A modern-day adaptation of Henrik Ibsen’s 1882 AN ENEMY OF THE PEOPLE, TRAITOR takes place in the small Illinois town of Eastlake, largely in the modest home (John Musial’s set and Lydia Hanchett’s props create an incredibly detailed portrait of cluttered domesticity) of local science teacher Tom Stock (Guy Van Swearingen), who lives with his wife Karla (Dado), a textbook editor, and his teenage son Randal (Nation Henrikson). Stock has made a bombshell discovery: the local charter school, recently opened as an attempt to bring life back to the struggling town, is built on soil contaminated with dangerous amounts of lead. Stock initially just hopes to get through to someone the message that the town’s kids are in danger, though with the help of newspaper editor Walter Hove (Larry Grimm, though played in the performance I saw by understudy Steven Winterstein) and his new employee Madison Bills (Kristin Ellis), they hatch a plan to expose the corruption and negligence of the local government as the true cause of the contamination. Complicating matters is the fact that Stock’s sister Patty (Kristen Fitzgerald) is now the mayor, and isn’t too keen on what this discovery could mean for the future of the town.
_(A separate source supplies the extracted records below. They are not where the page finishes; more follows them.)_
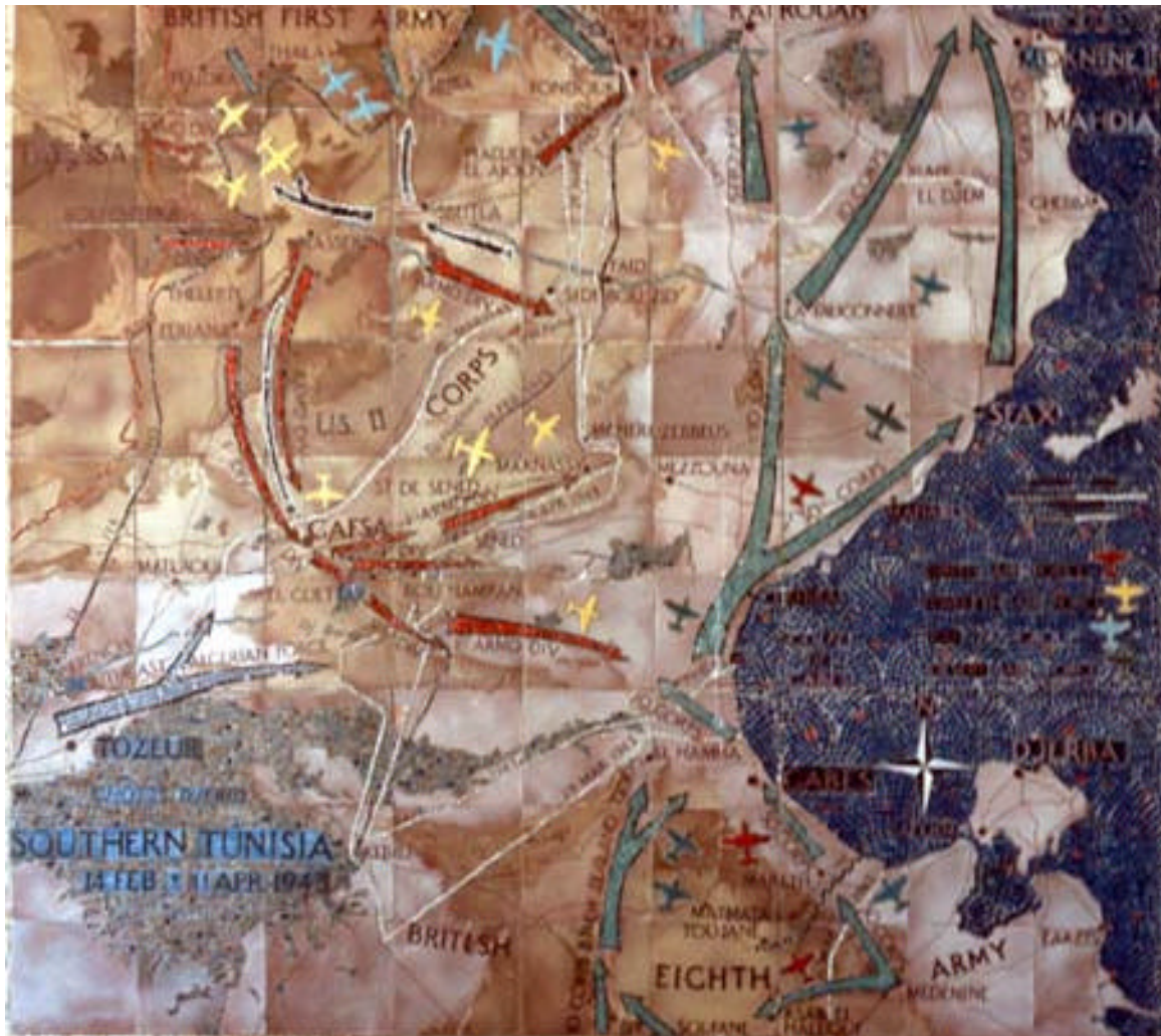
Map of Military Operations in Southern Tunisia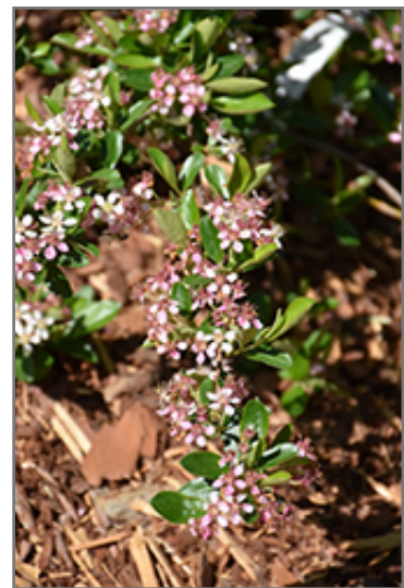
Ground Hug Aronia flowers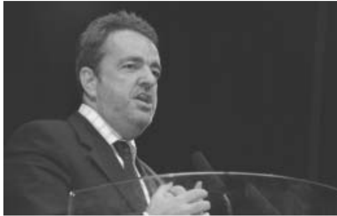
Gerolf Annemans, MP Parliamentary leader of the Vlaams Blok

Like the rest of Europe, we are witnessing a demographic implosion. The Flemings do not have enough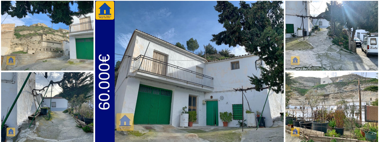
Galera cave house amansio

Lovely large townhouse + cave (about 60% house / 40% cave) located 5 minutes walk from the center of Galera. The spacious patio has a pine tree and views of La Sagra mountain. The house part is reformed in a traditional Spanish style with lots of original character details. The cave part needs reforming (one room is reformed to a basic level).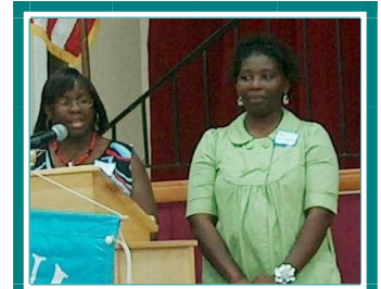
Two of our scholarship recipients speaking to us.

Also in the mix is the Stocks’s older daughter Molly (Missi Davis), also a teacher at the school; Jenn Sheffer (Natalie West), the funkily dressed owner of the local yarn shop and member of the town council; and Karla’s dad Howard Kihl (Frank Nall), a local business magnate whose factories may have contributed to the current contamination.
What starts out as a fairly straightforward story of a man seeking the truth at the risk of personal and professional ruin becomes something knottier and more chaotic as Stock’s crusade continues to spin out of control. Everyone has their own interests at heart, from Walter’s hope of some juicy journalistic material to elevate his paper’s credentials to Stock’s own seeming desire for glory (not to mention some personal views that border on Eugenics — something Ibsen himself supported). The play takes a rather abrupt turn at the start of Act 2, when the action moves from A Red Orchid’s space to an empty storefront down the street for a calamitous town council meeting. From this point on, we’re left on even shakier ground, with Stock muddling his own heroism. By the play’s end, it’s not even really about the school and its lead poisoning anymore, but rather about the way that even well-intentioned people can fall prey to their own selfish devices. In other words, it’s not a particularly uplifting tale, but one that’s sadly more true to life.
My initial response at the end of TRAITOR was exasperation, confusion, and frustration at the route the play had taken, but after more reflection, I realize this could very well have been Neveu’s intention. The play seems to lose its initial thread completely as it goes along, with the very issue that kicked it off seeming to become less important than how everyone stands to lose or gain from the truth getting out. The most obvious real-world analog to all this would have to be Flint, Michigan, whose own troubles with severe lead contamination were a cause célèbre for a few months before fading out of the national consciousness. Meanwhile, residents of Flint, especially in its poorer areas, still live without clean water to this day, and the true health risks can’t really be measured for years, if not generations to come. The play’s disturbing final moment is a painful reminder of the fact that, underneath all the grandstanding, backstabbing, double-dealing, and speechifying, a lot of kids are irreparably damaged for life. TRAITOR lets that fact get muddled somewhere among all the back-and-forth, which is a shame, because it’s really the only truth that anyone knows for sure.